:: Exercise data ::
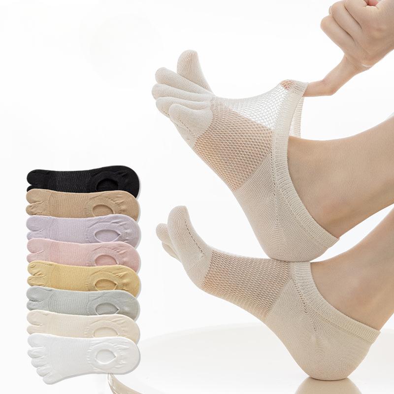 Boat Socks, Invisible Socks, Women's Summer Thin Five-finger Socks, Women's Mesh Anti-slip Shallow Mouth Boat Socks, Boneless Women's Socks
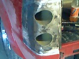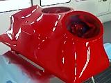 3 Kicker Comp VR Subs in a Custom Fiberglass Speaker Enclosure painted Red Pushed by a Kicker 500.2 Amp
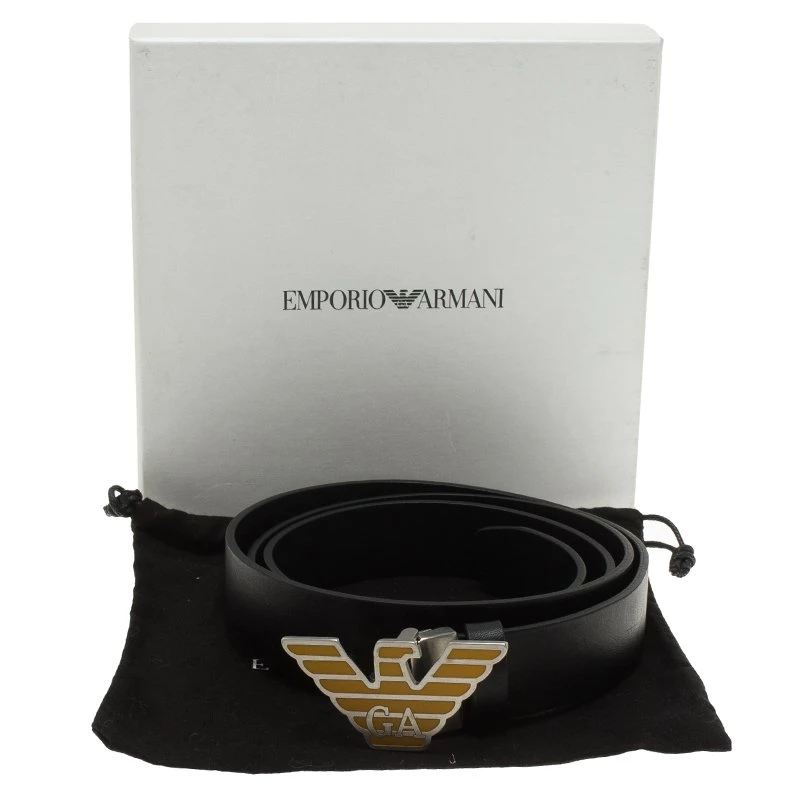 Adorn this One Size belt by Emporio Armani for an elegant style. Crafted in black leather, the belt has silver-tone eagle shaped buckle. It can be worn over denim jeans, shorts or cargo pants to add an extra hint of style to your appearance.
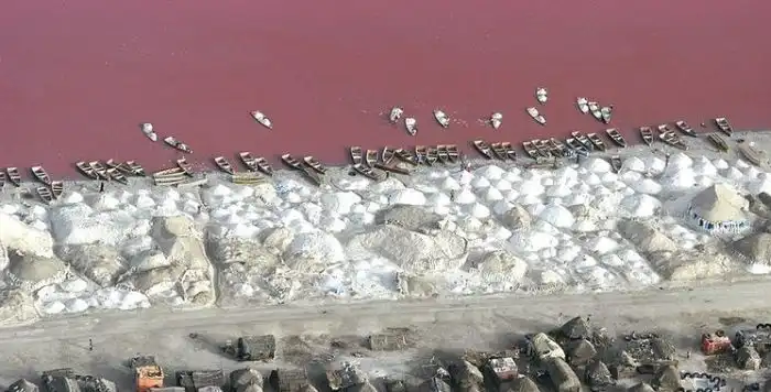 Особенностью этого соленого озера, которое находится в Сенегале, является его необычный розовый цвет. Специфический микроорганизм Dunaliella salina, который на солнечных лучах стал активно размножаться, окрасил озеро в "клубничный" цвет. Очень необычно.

:: Instructions to follow ::
Pictures are to be omitted from the copy. Reproduce exactly, and only, the lines from the one containing "3 Kicker Comp" to the end of the listing above.

:: Expected answer ::
 3 Kicker Comp VR Subs in a Custom Fiberglass Speaker Enclosure painted Red Pushed by a Kicker 500.2 Amp
 Adorn this One Size belt by Emporio Armani for an elegant style. Crafted in black leather, the belt has silver-tone eagle shaped buckle. It can be worn over denim jeans, shorts or cargo pants to add an extra hint of style to your appearance.
 Особенностью этого соленого озера, которое находится в Сенегале, является его необычный розовый цвет. Специфический микроорганизм Dunaliella salina, который на солнечных лучах стал активно размножаться, окрасил озеро в "клубничный" цвет. Очень необычно.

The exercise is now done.